Der Stern des Wallenstein - Dramaturgische Überlegungen

Ausblick und Durchblick

1608 erfand der niederländische Brillenmacher Lipperhey das Teleskop. Der Himmel, noch Ort mystischer und religiöser Geheimnisse, wurde damit durchschaubar. Auch das Mikroskop, dessen Erfinder umstritten sind, wurde 1608 erstmals in der Öffentlichkeit präsentiert und gewährte Einblicke in die Bausteine der materiellen Welt. Der Aufbruch ins Unbekannte durch den unvoreingenommenen und durch diese neue Technologie gestützten Blick eröffnete Kepler neue Erkenntnisse im Grossen wie im Kleinen: 1609 veröffentlichte Kepler seine bahnbrechende Theorie der Planetenbewegungen, 1611 schrieb er seine Arbeit über die sechseckige Struktur der Schneeflocke. Die Grenzen der Sinnesorgane - Kepler war schwer kurzsichtig - das war eine der Erungenschaften der Renaissance, sollten nicht die Grenze der Erkenntnis sein, die Geheimnisse der Natur wollen gelüftet werden: „Ich habe ans Licht gebracht, daß die ganze Natur der Harmonie in ihrem ganzen Umfang und mit allen ihren Einzelheiten in den himmlischen Bewegungen  vorhanden ist."

Ebenfalls 1608 erstellte Johannes Kepler, unbezahlter Hofastronom bei Rudolf II und deshalb Berufsastrologe, dem jungen Wallenstein ein erstes Geburtshoroskop und eine stellare Charakterkonstellation, das nicht unbedingt zu dessen Gunsten ausfiel: „...unbarmherzig, ohne brüderliche und eheliche Lieb, niemand achtend, nur sich und seinen Wollüsten ergeben, hart über die Untertanen, an sich ziehend, geizig betrüglich, ungleich im Verhalten, meißt stillschweigend, oft ungestüm auch streitbar, unverzagt, weil Sonne und Mars beisammen...“ Vor allem aber - und so stellt es auch Perutz dar - war Kepler ein kluger Menschenbeobachter und Psychologe. Kepler prophezeihte dem jungen, aber verarmten Adeligen eine reiche Heirat.

Bereits im Mai 1609 fand diese Hochzeit tatsächlich statt. Kepler verwarf zwar die Astrologie nicht per se - so wie er erstmals terrestrische physikalische Gesetze auf Himmelskörper anwandte, hielt er umgekehrt Spiegelungen stellarer Harmonien und Proportionen in die menschliche Seele für wahrscheinlich -  doch an den Ausblick in die Zukunft glaubte er nicht. Da diese historische Verbindung mit der reichen Witwe Lukrezia von Witschkow von einem befreundeten Jesuitenpater jedoch bereits 1608 vermittelt worden war, könnte auch eine scharfe Analyse der Gegenwart Kepler diesen Blick in die Zukunft ermöglicht haben. Wallenstein war sehr beeindruckt, 1627 nahm Kepler zur Erstellung von Horoskopen zu den geplanten Schlachten in festen Dienst, und finanzierte Kepler dafür eine Druckerei für seine wissenschaftlichen Schriften.

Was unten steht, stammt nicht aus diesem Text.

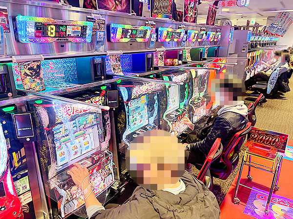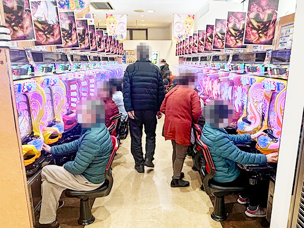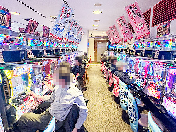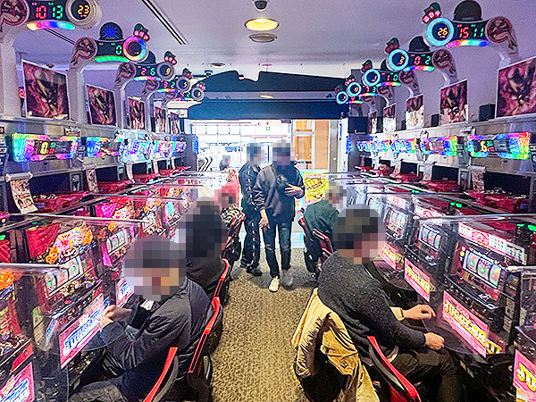取材時は既に多くのプレイヤーが集結し、パチンコ・パチスロを問わずにぎやかな状況となっていた。

Perutz lässt auch Wallenstein das verborgene Gesicht seiner Geliebten entlarven und hinter der Maske eines romantischen Abenteuers eine Goldgrube entdecken. - und die Chance ergreifen. Ein anderer hätte die Nacht vielleicht als Anekdote für sich verbucht, nicht jedoch Wallenstein, der seinen eigenen geschärften Sinnen vertraut und ohne Sentimentalität die Täuschungsmanöver durchschaut.

Johannes Kepler wurde 1606  Tycho Brahes Assistent am Prager Hof. Nach dessen Tod übernahm er die Stelle als Hofmathematiker und die Aufgabe, die sogenannten Rudolfinischen Tafeln zu erstellen. Dafür wertete er die Aufzeichnungen Tycho Brahes aus und beschrieb die Positionen der Planeten mit bis dahin unerreichter Genauigkeit, vollendet wurden die Tafeln erst 1627. Ausserdem war er zuständig für die Horoskope, die der - wie alle seiner Zeit  - abergläubische Rudolf II bei ihm bestellte. Viele seiner bahnbrechenden Erkenntnisse gelten bis heute.

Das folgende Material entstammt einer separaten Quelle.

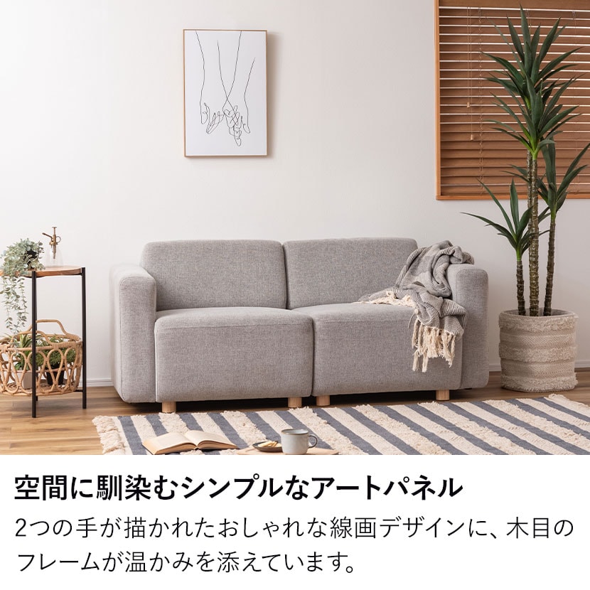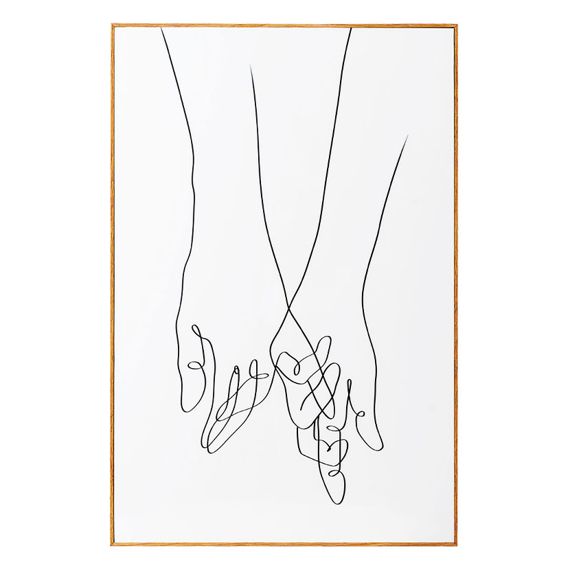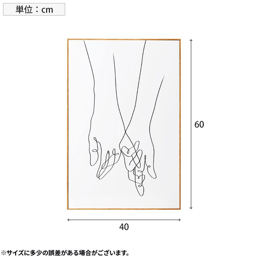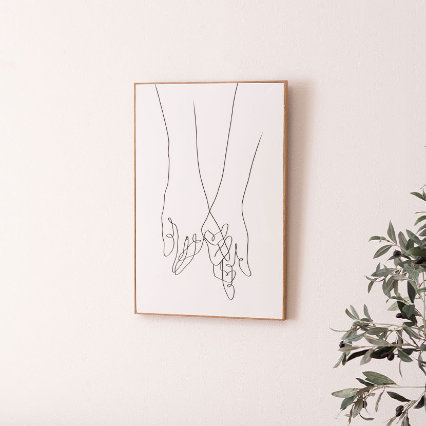 2つの手が描かれたおしゃれな線画デザインに、木目のフレームが温かみを添えています。

Von Wallenstein, geboren als Albrecht Wenzel Eusebius von Waldstein,  ist überliefert, dass er sehr lärmempfindlich war. Wo der Feldherr durchzog, mussten Kirchenglocken schweigen und Tiere weggesperrt werden. Seine Entdeckung - nämlich dass Kriege sich selbst finanzieren - gilt ebenfalls bis heute.